=== Begin Enclosure ===

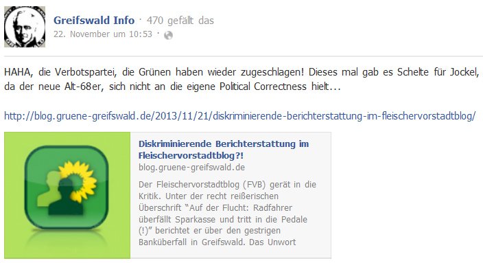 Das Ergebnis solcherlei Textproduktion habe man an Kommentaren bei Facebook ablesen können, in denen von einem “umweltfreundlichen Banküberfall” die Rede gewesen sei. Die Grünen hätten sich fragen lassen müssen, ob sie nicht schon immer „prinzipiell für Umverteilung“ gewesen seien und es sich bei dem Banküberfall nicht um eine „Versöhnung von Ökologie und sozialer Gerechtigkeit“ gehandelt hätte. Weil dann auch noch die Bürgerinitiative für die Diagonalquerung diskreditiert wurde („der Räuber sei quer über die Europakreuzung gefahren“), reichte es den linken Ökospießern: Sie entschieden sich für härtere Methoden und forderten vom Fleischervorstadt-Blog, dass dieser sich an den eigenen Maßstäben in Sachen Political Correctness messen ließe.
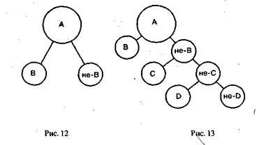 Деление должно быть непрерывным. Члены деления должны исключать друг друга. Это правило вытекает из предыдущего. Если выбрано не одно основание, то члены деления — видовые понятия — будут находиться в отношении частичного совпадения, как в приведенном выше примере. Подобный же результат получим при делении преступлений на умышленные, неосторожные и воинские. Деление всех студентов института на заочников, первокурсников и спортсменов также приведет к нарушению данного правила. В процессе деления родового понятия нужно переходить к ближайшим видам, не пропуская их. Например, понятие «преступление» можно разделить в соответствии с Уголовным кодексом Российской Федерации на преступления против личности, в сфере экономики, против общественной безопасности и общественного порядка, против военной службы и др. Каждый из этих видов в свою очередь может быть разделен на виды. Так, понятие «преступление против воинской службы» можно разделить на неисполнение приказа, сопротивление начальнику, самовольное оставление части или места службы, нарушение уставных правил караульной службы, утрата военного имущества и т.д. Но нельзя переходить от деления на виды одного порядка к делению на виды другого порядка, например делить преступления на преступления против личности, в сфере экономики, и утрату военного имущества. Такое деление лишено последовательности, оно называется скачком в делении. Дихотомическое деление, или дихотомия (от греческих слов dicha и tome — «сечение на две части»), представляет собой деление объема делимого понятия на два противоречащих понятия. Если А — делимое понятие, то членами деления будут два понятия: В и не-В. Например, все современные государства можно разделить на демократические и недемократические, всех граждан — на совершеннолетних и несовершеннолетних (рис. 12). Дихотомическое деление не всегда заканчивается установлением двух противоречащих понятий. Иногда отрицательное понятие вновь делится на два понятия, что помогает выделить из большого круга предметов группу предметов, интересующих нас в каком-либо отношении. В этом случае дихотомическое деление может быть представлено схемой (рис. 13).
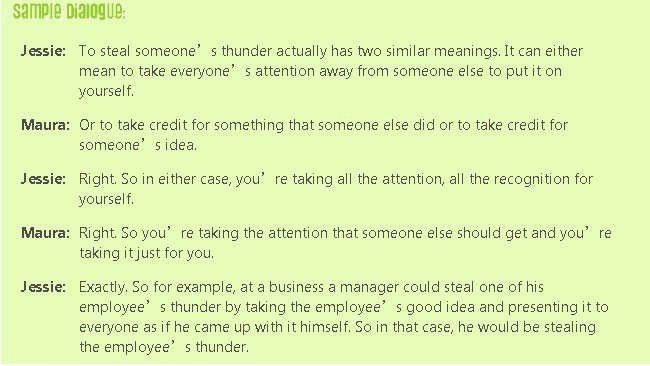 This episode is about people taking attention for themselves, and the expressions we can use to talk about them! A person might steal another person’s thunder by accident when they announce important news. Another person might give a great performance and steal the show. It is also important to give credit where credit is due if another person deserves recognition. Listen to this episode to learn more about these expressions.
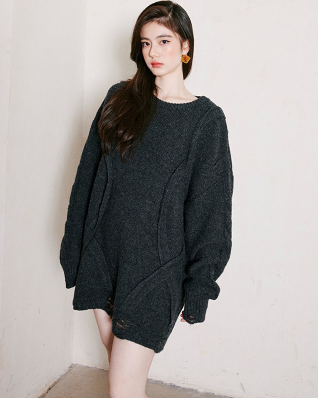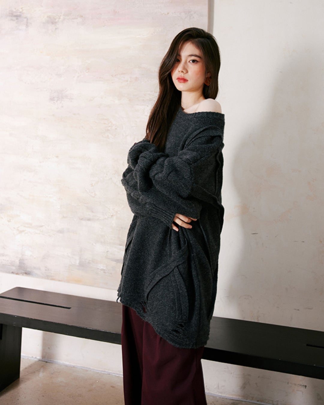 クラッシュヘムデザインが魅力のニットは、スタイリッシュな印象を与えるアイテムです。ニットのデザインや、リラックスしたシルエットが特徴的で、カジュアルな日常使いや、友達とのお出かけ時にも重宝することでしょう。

=== End Enclosure ===
=== Begin Enclosure ===

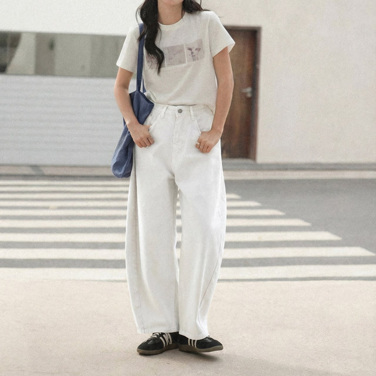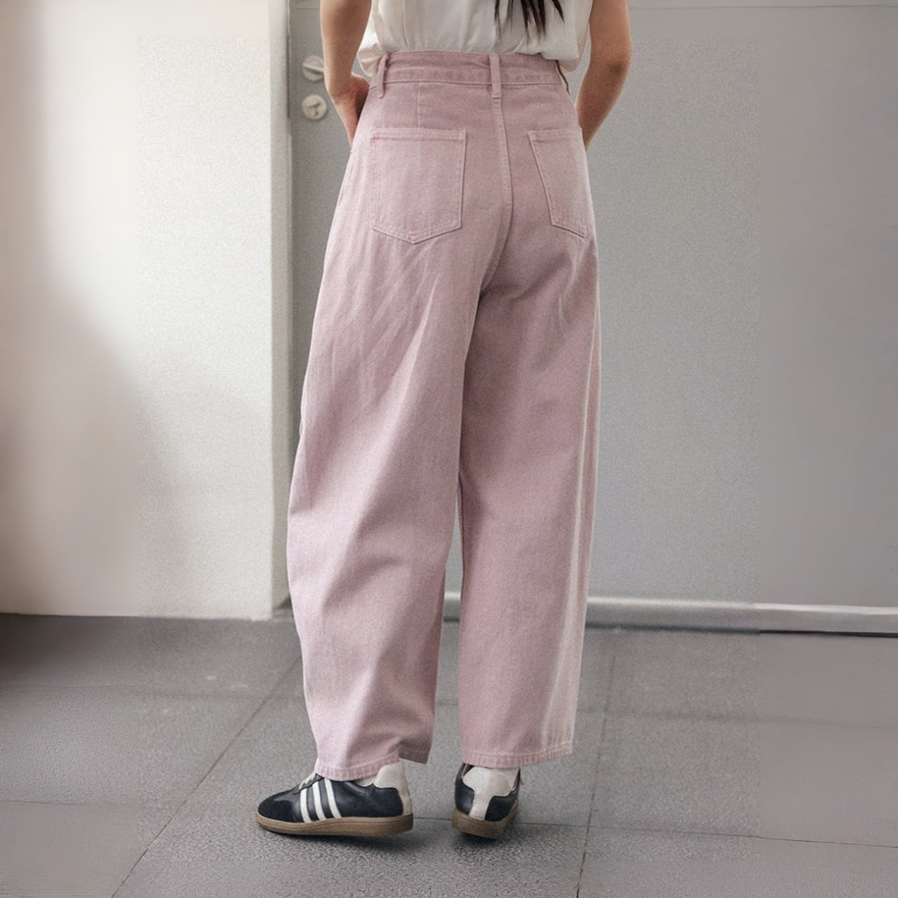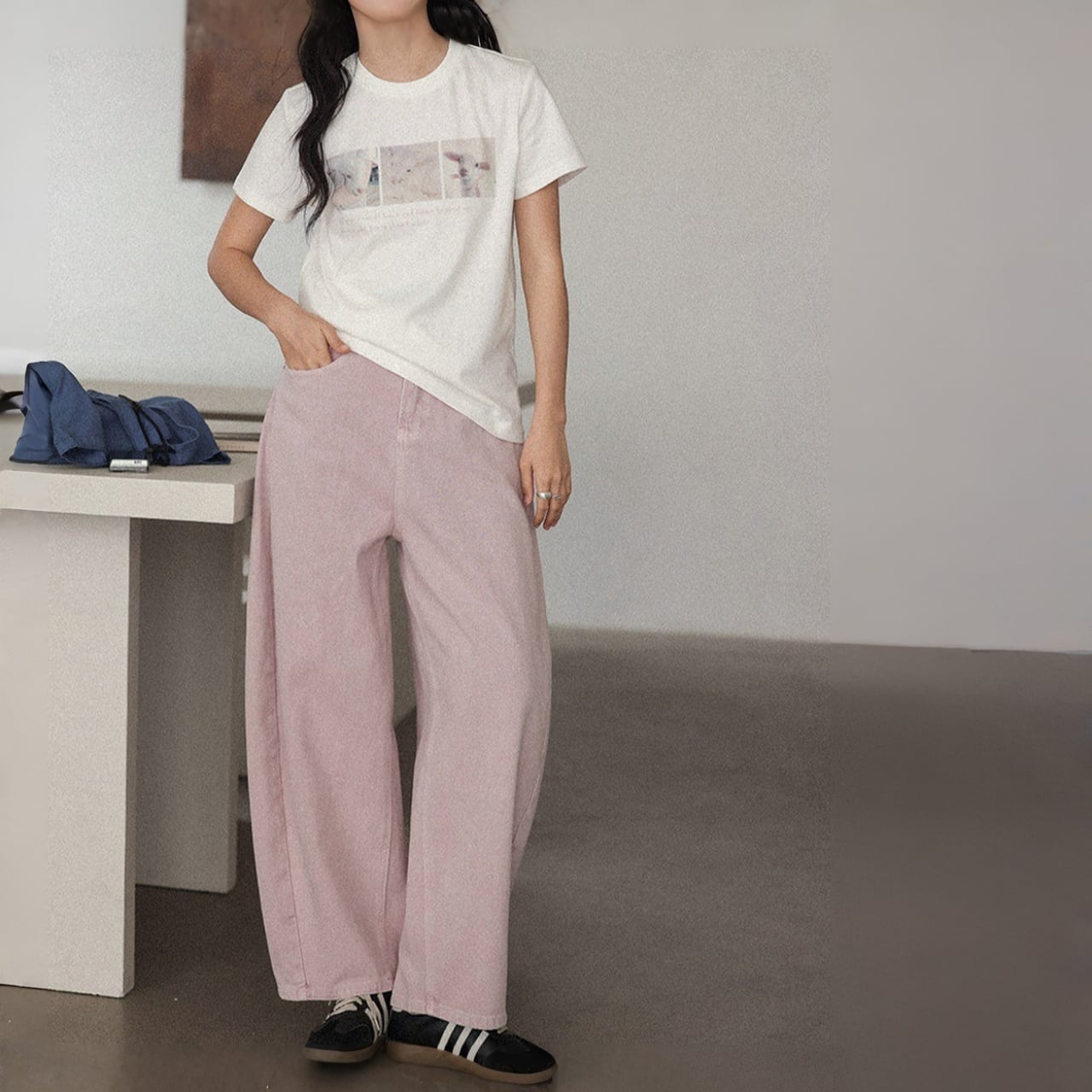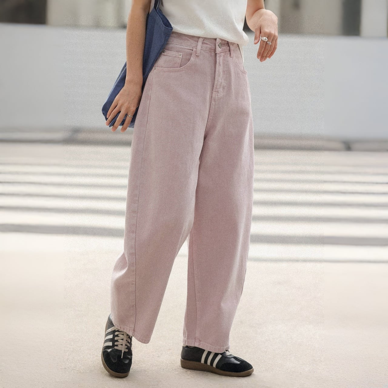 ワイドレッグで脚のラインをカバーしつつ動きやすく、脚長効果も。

=== End Enclosure ===

§ **What you have to do**
Lines wanted from the entries above: the one with "This episode is", the one with "クラッシュヘムデザインが魅力", and all lines between. Please copy them exactly, without the pictures and without anything else.

§ **Response to the exercise**
 This episode is about people taking attention for themselves, and the expressions we can use to talk about them! A person might steal another person’s thunder by accident when they announce important news. Another person might give a great performance and steal the show. It is also important to give credit where credit is due if another person deserves recognition. Listen to this episode to learn more about these expressions.
 クラッシュヘムデザインが魅力のニットは、スタイリッシュな印象を与えるアイテムです。ニットのデザインや、リラックスしたシルエットが特徴的で、カジュアルな日常使いや、友達とのお出かけ時にも重宝することでしょう。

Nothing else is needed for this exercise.